Rep. Mike Thompson pushes gun background-check legislation

In a move laden with election-year political implications, Rep. Mike Thompson announced Tuesday that he has more than 100 co-sponsors for a bill to expand background checks on gun buyers.

"We won't take 'no' for an answer when it comes to passing common-sense laws that keep guns from criminals, terrorists and the dangerously mentally ill," Thompson, D-St. Helena, said in a joint statement with Rep. Pete King, R-New York.

King is one of three Republicans on a list of 110 co-sponsors of the bill that is identical to the background checks measure defeated in the Senate two weeks ago.

If all 201 House Democrats backed the bill, it would still need 17 Republican votes for approval. But its failure could pay dividends for the Democrats in 2014.

The Thompson-King bill would require background checks for all firearms sales, including transactions at gun shows, over the Internet and by newspaper ads.

Huffman, who entered Congress in January representing the North Coast, rejected the ideas that the measure is dead in the Senate and stands little chance in a Republican-controlled House.

The 54 "yes" votes in the Senate, which fell short of the required 60 votes, is "a pretty good place to build on," Huffman said.

Sen. Joe Manchin, D-W. Va., said he intends to keep working on the bill, but his Republican co-sponsor, Sen. Pat Toomey of Pennsylvania, expressed no such interest.

Huffman pointed to polls that show "overwhelming support" for expanded background checks as reasons to press for a House vote on what he called "a narrow and sensible reform."

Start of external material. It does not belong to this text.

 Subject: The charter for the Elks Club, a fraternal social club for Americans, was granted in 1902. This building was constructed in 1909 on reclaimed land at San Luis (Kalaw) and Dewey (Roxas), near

If the vote falls short, Huffman said it would be campaign fodder in the 2014 midterm elections.

"We need to get people on the record and hold them accountable if they won't take this common-sense step," he said.

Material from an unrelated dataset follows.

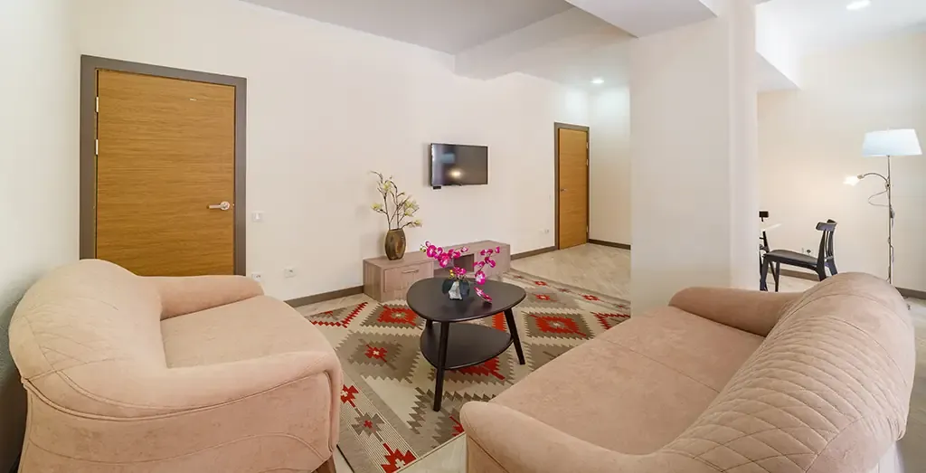 Просторный двухкомнатный номер категории Luxe, созданный для комфортного и спокойного отдыха. Интерьер выполнен в натуральных оттенках с элементами современного европейского дизайна, создавая атмосферу уюта и гармонии.

A Fox News Poll conducted after the Senate's April 17 vote found 82 percent of voters favored expanding gun buyer background checks and 61 percent would be "less likely" to support a candidate who voted against them.

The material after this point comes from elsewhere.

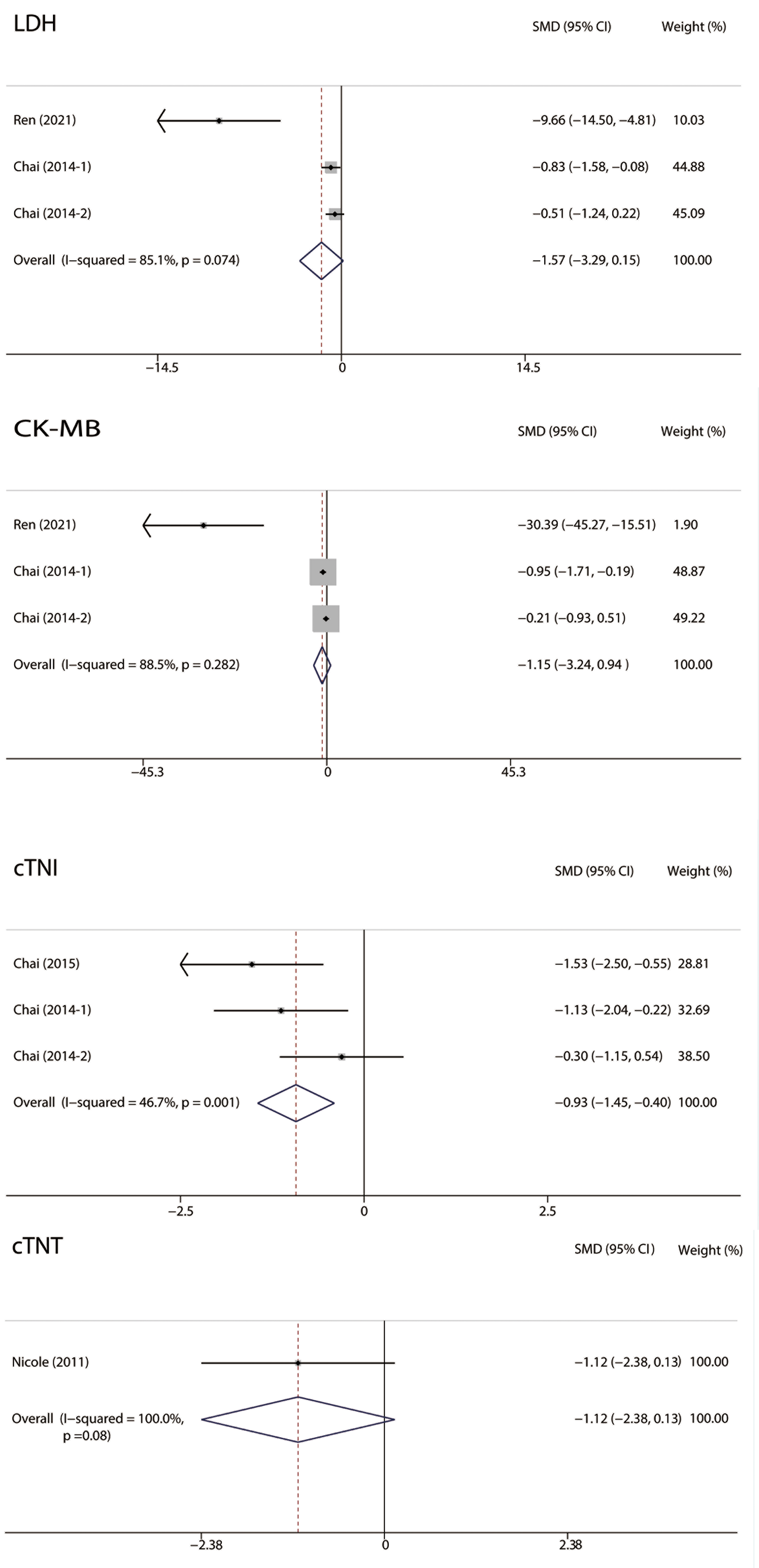 Fig. 5.Forest plots of Serum cardiac markers. RIPC was related to significantly lower cTNI levels in MIRI. No significant difference was observed in LDH, CK-MB, and cTNT between the two groups. RIPC, remote Ischemic preconditioning; MIRI, myocardial ischemia-reperfusion injury; CI, confidence interval; CK, creatine kinase; cTNI, cardiac troponin I; cTNT, cardiac troponin T; LDH, lactate dehydrogenase; SMD, standardized mean difference.

Given the Republican majority in the House, Thompson's bill is unlikely to move out of committee, even though it is the "least controversial" gun control measure, said David McCuan, a Sonoma State University political scientist.

But there's a "bigger game going on here" with the primary elections about one year away, McCuan said.

President Barack Obama wants to become the first chief executive to secure full control of both the House and Senate in a midterm election, McCuan said. "It would make him a giant in American politics," he said.

The president's party typically loses congressional seats in midterm elections, especially during its second term in the White House.

Democrats aren't likely to make the economy, Syria or Obamacare a 2014 campaign topic, but gun control could work as a "wedge issue," especially with suburban women voters, an important demographic, McCuan said.

Thompson's continued efforts, as chairman of the Democrats' Congressional Gun Violence Prevention Task Force, can "help keep the issue front and center," McCuan said.